Reflection on the matter does not produce any compelling explanation for why we find bestiality repugnant. This "moral dumbfounding" is not uncommon. When Rolling Stone Keith Richards told an interviewer he had snorted his father’s ashes, the hostile public reaction caused him to hastily announce that he was only joking — although it is not at all clear why snorting one’s father’s ashes should be immoral.
Jonathan Haidt gives the example of the brother and sister who one night in a remote cabin decide to have sex out of curiosity. They take all precautions against pregnancy and enjoy the experience but decide not to do it again and to keep it secret. It is hard to find a good reason to condemn them. They were fully consenting, there was no chance of conception, and both enjoyed the experience. In cases like this we can reach strong moral judgments without a maxim in sight. Haidt argues persuasively that moral reasoning typically occurs after a moral judgment has been made intuitively and is used to rationalise the reaction.

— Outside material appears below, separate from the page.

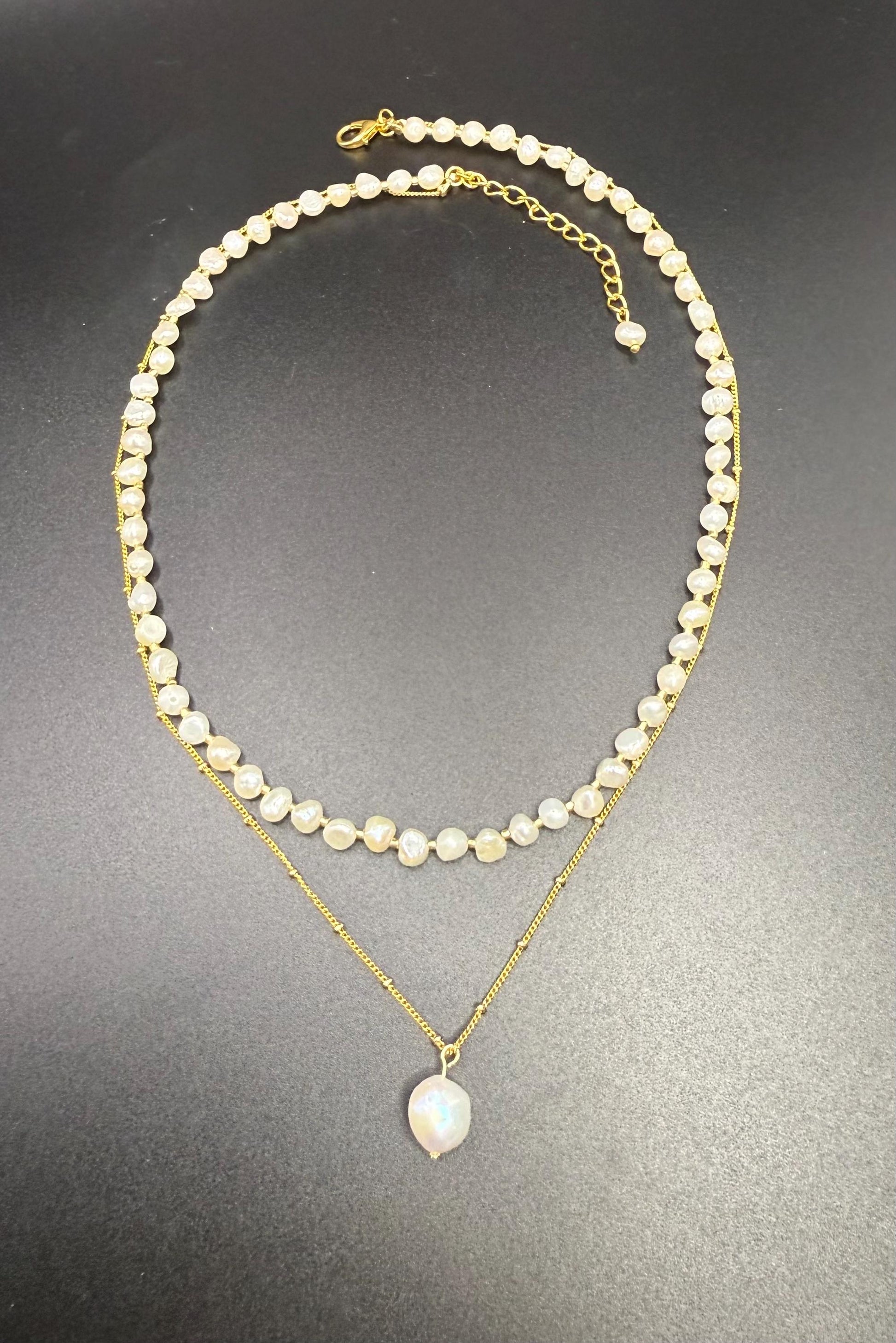 Add a touch of elegance to your collection with this exquisite two-strand freshwater pearl necklace. Featuring lustrous freshwater pearls and a stunning pearl pendant, this handmade piece is adorned with 14k gold-plated accents for a luxurious finish.

Nevertheless bestiality remains a powerful taboo. So perhaps we should try a different approach and work backwards. Instead of trying to explain why we feel revulsion, let us accept revulsion as a given and ask what this fact can tell us about the ethical framework I have developed.
That one feels disgust at something — as some do with homosexual sex — does not make it morally wrong, but the enduring and universal social taboo relating to bestiality makes it reasonable to accept that it is wrong. Note first that, because the interests of the animal are involved, it is legitimate to take a universalising stance: we would not just advise against a proposed act of bestiality; we would condemn it as immoral. Moreover, there are good grounds for believing that the person who engages in bestiality suffers from a perversion that may have an effect on other humans. Society therefore has a moral interest in bestiality.
If bestiality does not necessarily contravene a practical rule we must go to the basis of moral rules. That basis cannot be found in Kantian reason or in utilitarian calculus: it is to be found only in the notion of metaphysical empathy and the understanding of each human being as both phenomenon (that is, as a physical self existing in the world of everyday experiences) and noumenon (an "essence" or moral self). As we have seen, the reasons for the immorality of bestiality are hard to situate in the phenomenon.
So what is it in our moral selves that makes the practice repugnant?
Considering the functions of sex, it seems that the source of the problem must lie in the idea of metaphysical union, the joining of Selves. It is reasonable to hypothesise that there is something intrinsically different between the universal Self of each species and that the attempted merger of two differing Selves in the sexual act is an offence against what might be called "the noumenal order".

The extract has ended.